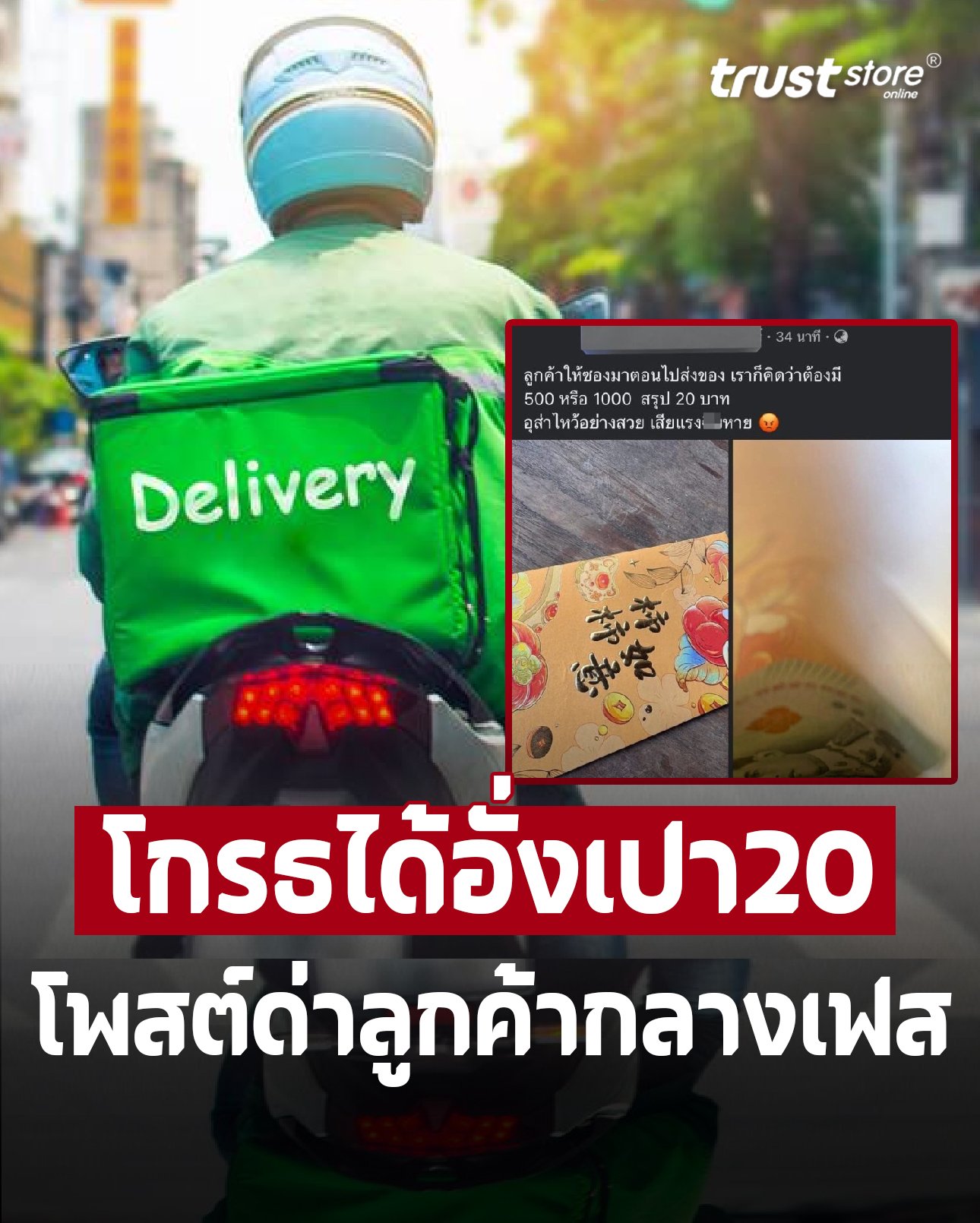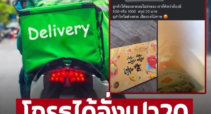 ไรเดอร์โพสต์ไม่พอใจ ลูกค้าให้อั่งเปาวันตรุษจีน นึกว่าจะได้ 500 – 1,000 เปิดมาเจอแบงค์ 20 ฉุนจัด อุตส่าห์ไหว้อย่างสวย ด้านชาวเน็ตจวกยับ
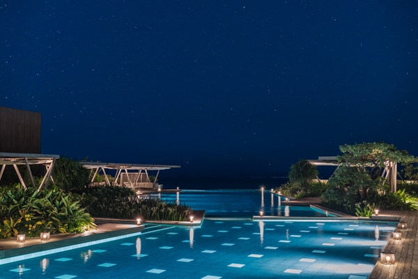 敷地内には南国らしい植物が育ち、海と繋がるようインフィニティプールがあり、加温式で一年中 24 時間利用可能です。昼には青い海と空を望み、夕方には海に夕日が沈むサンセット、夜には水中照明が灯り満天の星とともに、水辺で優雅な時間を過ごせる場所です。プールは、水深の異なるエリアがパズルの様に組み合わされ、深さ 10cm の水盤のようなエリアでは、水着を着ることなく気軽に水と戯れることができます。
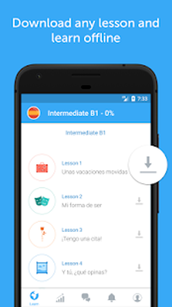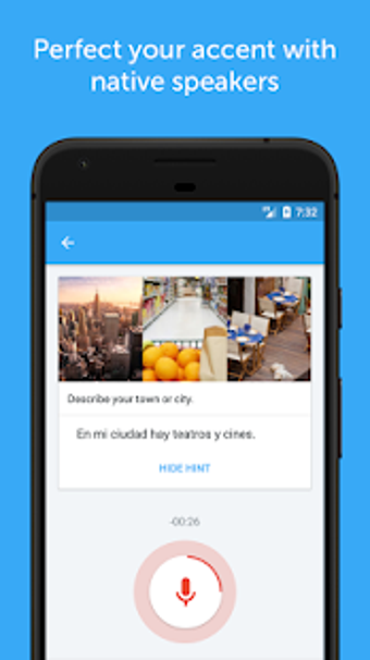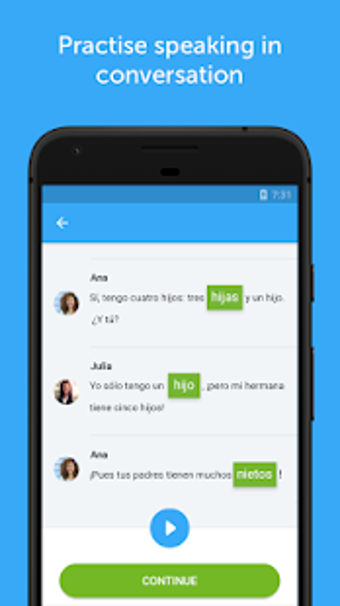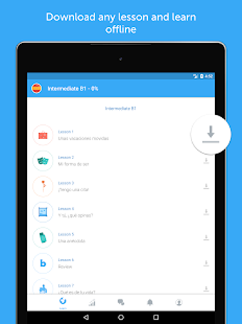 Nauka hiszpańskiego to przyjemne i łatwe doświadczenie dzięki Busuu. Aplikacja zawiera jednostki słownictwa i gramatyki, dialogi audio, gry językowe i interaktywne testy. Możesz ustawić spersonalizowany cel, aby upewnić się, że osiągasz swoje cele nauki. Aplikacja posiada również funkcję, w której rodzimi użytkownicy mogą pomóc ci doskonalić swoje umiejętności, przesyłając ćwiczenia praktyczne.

=-=-=

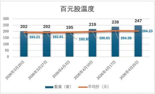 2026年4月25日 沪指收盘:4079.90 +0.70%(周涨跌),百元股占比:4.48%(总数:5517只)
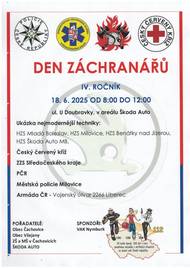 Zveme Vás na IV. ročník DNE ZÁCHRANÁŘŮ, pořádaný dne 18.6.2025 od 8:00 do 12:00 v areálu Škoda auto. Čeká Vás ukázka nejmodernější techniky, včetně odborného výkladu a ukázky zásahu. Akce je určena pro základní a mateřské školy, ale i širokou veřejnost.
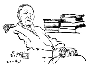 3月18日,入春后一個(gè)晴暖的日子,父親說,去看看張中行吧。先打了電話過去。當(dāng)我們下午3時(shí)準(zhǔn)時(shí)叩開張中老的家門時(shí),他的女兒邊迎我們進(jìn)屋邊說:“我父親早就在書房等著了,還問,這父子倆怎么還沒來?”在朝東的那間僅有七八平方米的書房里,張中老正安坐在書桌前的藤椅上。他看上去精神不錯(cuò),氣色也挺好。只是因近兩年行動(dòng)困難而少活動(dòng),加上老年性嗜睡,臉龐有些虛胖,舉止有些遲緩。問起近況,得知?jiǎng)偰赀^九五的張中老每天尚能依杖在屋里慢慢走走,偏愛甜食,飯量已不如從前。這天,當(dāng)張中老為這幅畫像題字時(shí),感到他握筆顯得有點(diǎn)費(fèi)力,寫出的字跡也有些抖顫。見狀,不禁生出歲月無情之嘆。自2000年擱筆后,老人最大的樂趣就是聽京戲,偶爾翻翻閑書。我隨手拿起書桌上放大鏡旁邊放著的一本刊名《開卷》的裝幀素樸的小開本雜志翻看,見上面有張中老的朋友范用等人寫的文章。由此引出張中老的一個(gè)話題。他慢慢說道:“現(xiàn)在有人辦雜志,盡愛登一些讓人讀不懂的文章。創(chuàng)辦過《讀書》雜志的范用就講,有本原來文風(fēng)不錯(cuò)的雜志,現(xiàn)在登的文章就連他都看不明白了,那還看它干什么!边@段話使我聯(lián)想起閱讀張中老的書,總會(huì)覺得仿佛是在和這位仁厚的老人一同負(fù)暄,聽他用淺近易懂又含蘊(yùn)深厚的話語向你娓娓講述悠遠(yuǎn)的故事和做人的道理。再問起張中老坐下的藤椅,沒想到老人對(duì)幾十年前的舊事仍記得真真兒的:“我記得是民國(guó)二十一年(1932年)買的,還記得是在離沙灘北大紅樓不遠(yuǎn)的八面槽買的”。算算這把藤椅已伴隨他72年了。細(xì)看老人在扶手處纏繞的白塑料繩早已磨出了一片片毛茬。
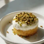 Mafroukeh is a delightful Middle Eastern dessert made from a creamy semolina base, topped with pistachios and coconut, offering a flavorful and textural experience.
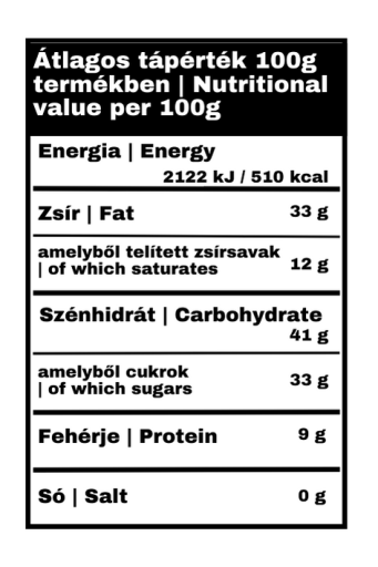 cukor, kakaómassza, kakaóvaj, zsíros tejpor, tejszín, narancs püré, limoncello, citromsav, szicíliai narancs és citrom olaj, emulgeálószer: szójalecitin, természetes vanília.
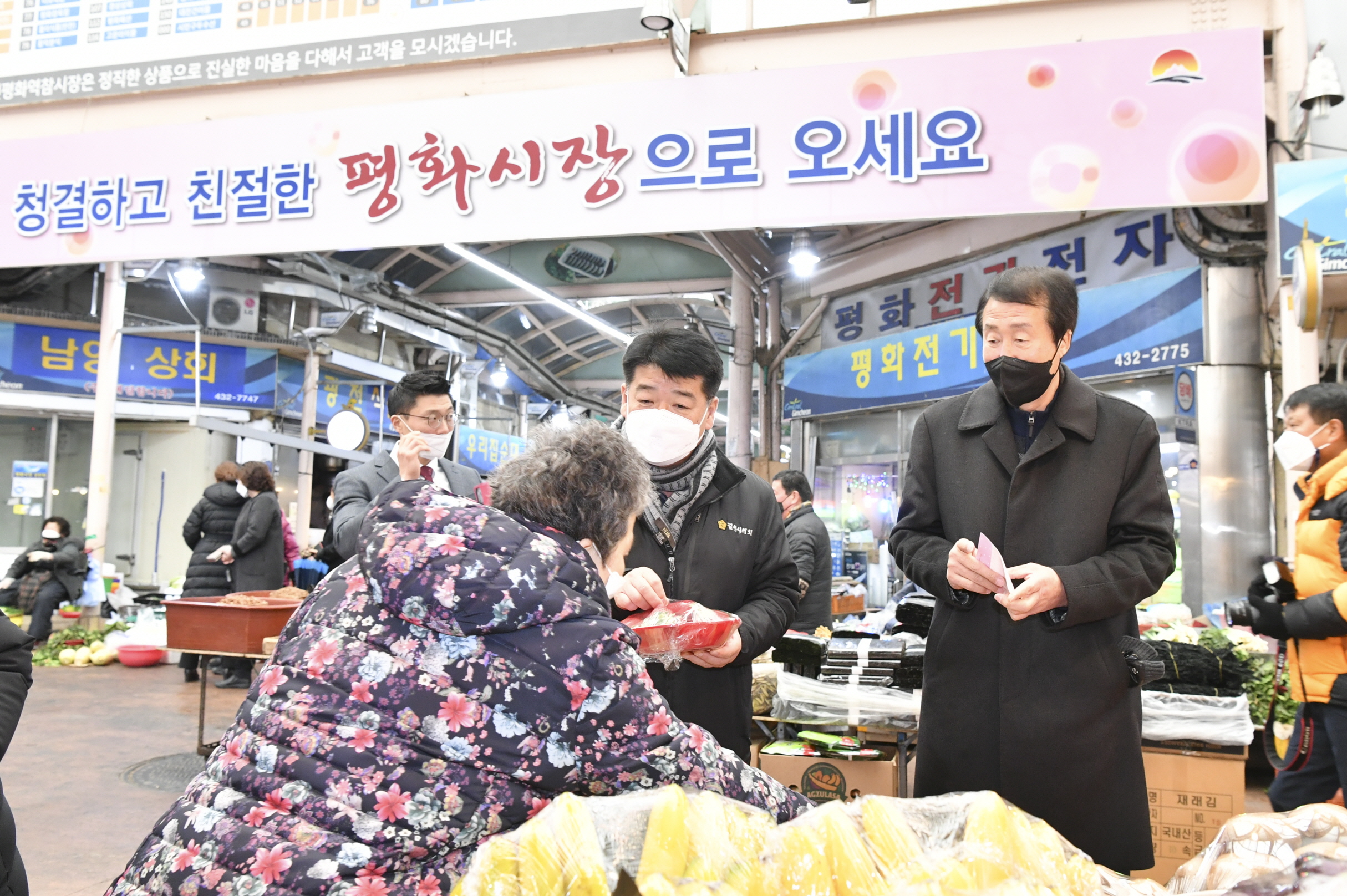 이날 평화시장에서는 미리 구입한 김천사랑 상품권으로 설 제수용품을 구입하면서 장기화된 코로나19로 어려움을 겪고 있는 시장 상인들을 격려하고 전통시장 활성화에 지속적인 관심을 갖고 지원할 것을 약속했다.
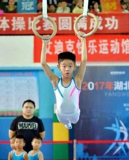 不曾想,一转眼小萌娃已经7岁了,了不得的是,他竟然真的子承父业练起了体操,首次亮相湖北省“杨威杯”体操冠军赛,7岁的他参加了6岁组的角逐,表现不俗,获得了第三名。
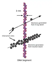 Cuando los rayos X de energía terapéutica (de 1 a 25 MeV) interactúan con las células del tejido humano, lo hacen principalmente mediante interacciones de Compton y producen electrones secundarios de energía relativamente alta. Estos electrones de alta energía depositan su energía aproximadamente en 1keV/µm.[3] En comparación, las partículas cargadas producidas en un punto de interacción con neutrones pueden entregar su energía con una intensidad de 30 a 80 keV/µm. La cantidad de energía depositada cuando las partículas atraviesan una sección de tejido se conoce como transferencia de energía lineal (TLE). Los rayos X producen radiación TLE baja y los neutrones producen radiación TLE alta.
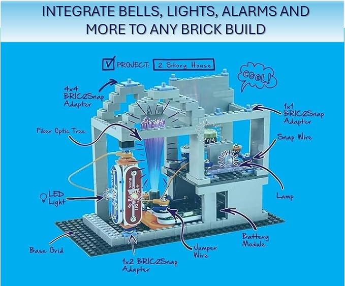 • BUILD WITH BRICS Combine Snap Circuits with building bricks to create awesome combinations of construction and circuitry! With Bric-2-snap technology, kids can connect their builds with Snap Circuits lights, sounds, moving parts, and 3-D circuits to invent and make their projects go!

=-=-=

▶ **ASSIGNED TASK**
The answer is those lines of the material above that run from the one containing "이날 평화시장에서는 미리" up to and including the one containing "不曾想,一转眼小萌娃已经7岁", restated exactly and without images.

▶ **SOLUTION TO THIS EXERCISE**
 이날 평화시장에서는 미리 구입한 김천사랑 상품권으로 설 제수용품을 구입하면서 장기화된 코로나19로 어려움을 겪고 있는 시장 상인들을 격려하고 전통시장 활성화에 지속적인 관심을 갖고 지원할 것을 약속했다.
 不曾想,一转眼小萌娃已经7岁了,了不得的是,他竟然真的子承父业练起了体操,首次亮相湖北省“杨威杯”体操冠军赛,7岁的他参加了6岁组的角逐,表现不俗,获得了第三名。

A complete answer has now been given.